Do I wish everything that happened had never happened? Fucking right I do.

And yet there’s something fascinating about seeing the avalanches from Ottertind in March, seeing the snow smash the ice on Lake Budal, seeing a forest fire in July and knowing that the old GMC fire engine won’t be able to make it up the hills. It is thrilling to see the first proper storm of the autumn again test the roofs of the barns down there in the village, and think that this year it’ll succeed in tearing off at least one of them, and you’ll see it bowling along on its sides like a giant fucking sawblade across the fields before it breaks apart. And then that’s exactly what happens. And the next thought you have is, what if someone, some person, had been standing out there when the sawblade came. Of course you don’t wish it, but you can’t quite dismiss the thought; that it would have been quite a sight to see. No, you don’t wish for it. So if I’d known the train of events I was setting in motion, I would probably have done things differently.
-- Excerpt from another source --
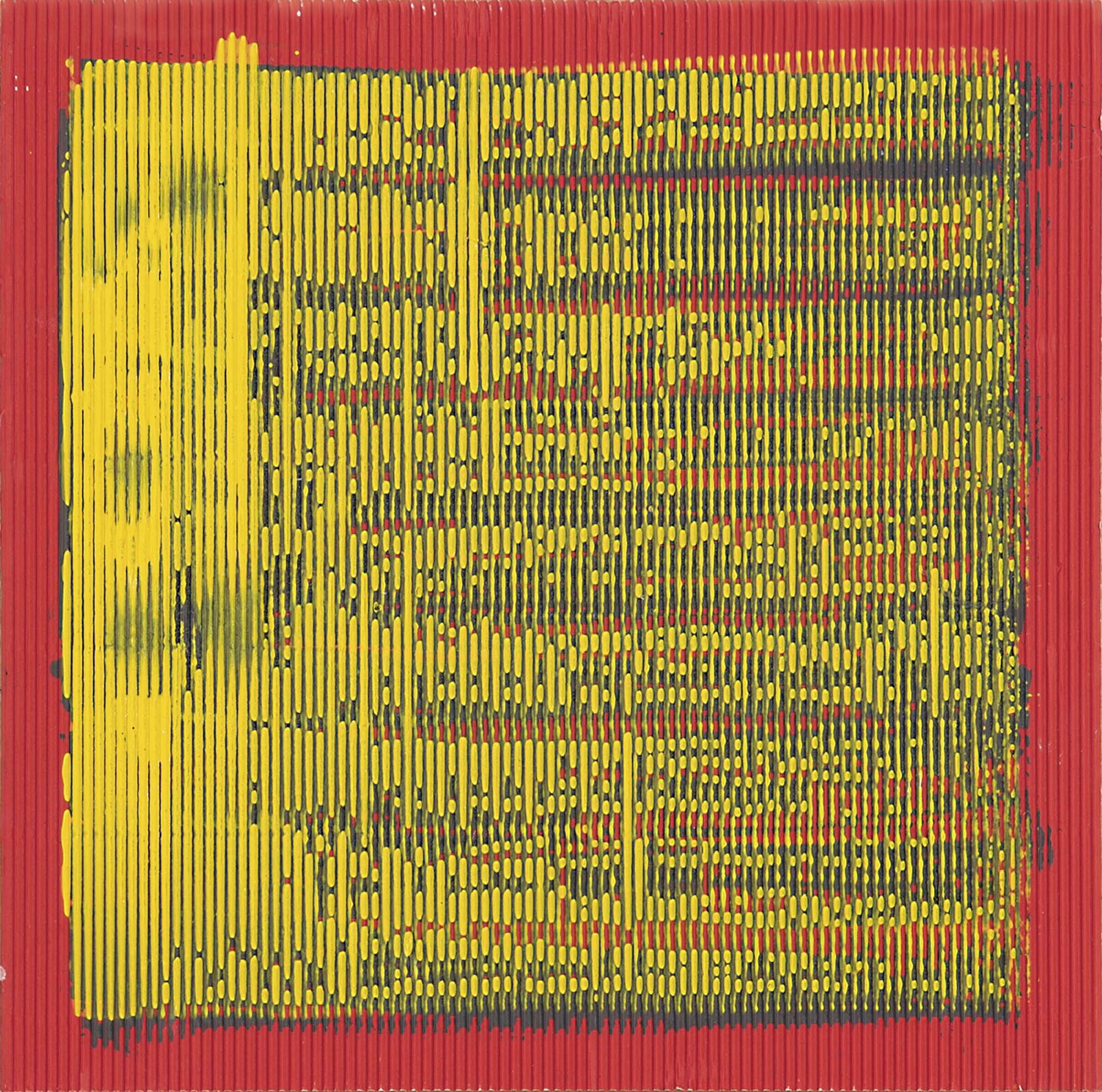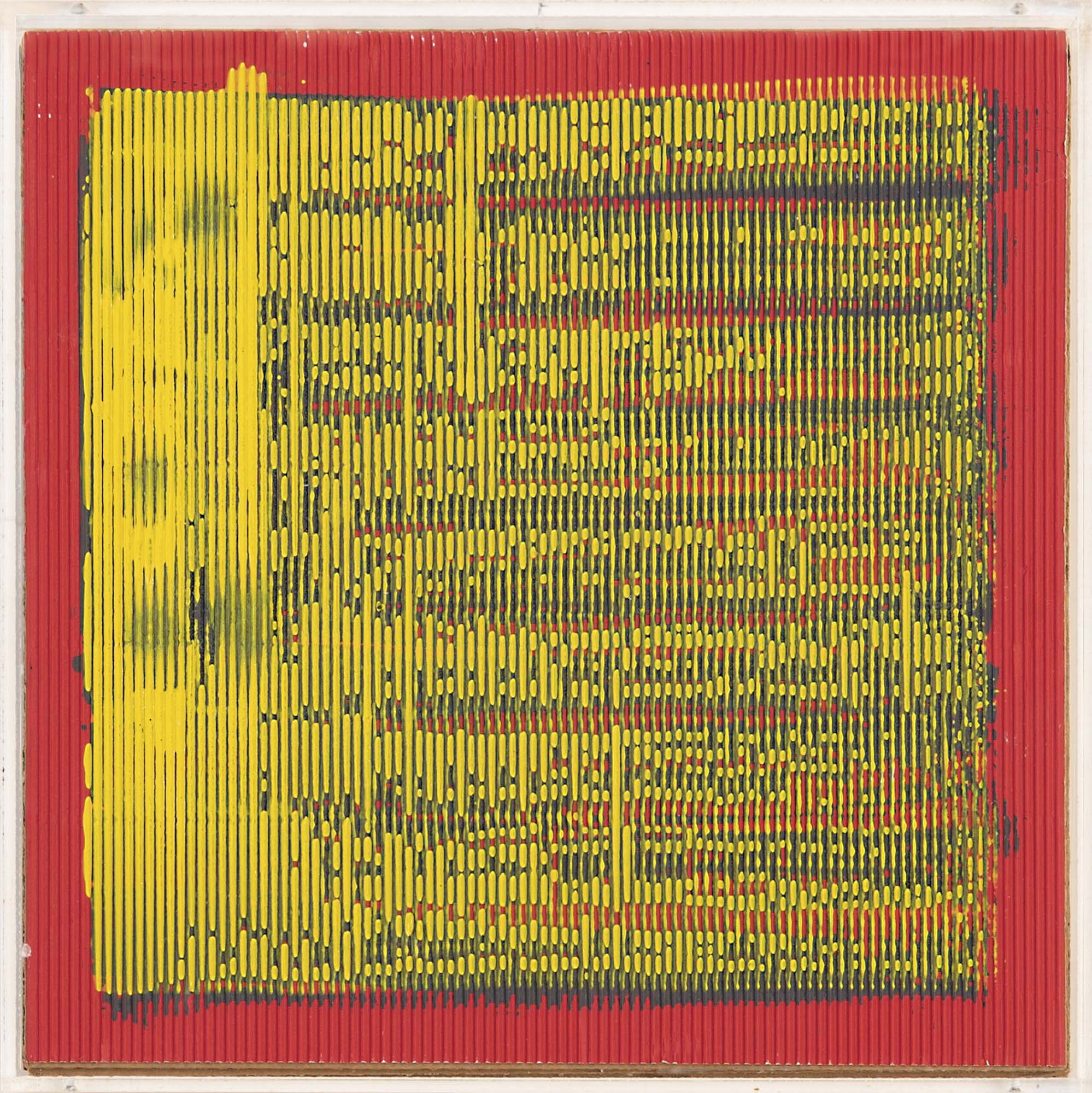 tecnica mista su cartoni entro teca di plexiglass cm.35x35

But I didn’t, so I can’t really claim I would have done things differently if I’d had another chance but no new information.

And even if it was your will directing the blast of wind that took the barn roof off, what happens after that is out of your hands. The barn roof, now a wheel of razor-sharp corrugated iron, is heading for that solitary person out there in the field, and all you can do is watch with a mixture of horror, curiosity and regret that this was part of something you were hoping for. But the next thought is maybe something you weren’t ready for: that you find yourself wishing you yourself were that person out there in the field.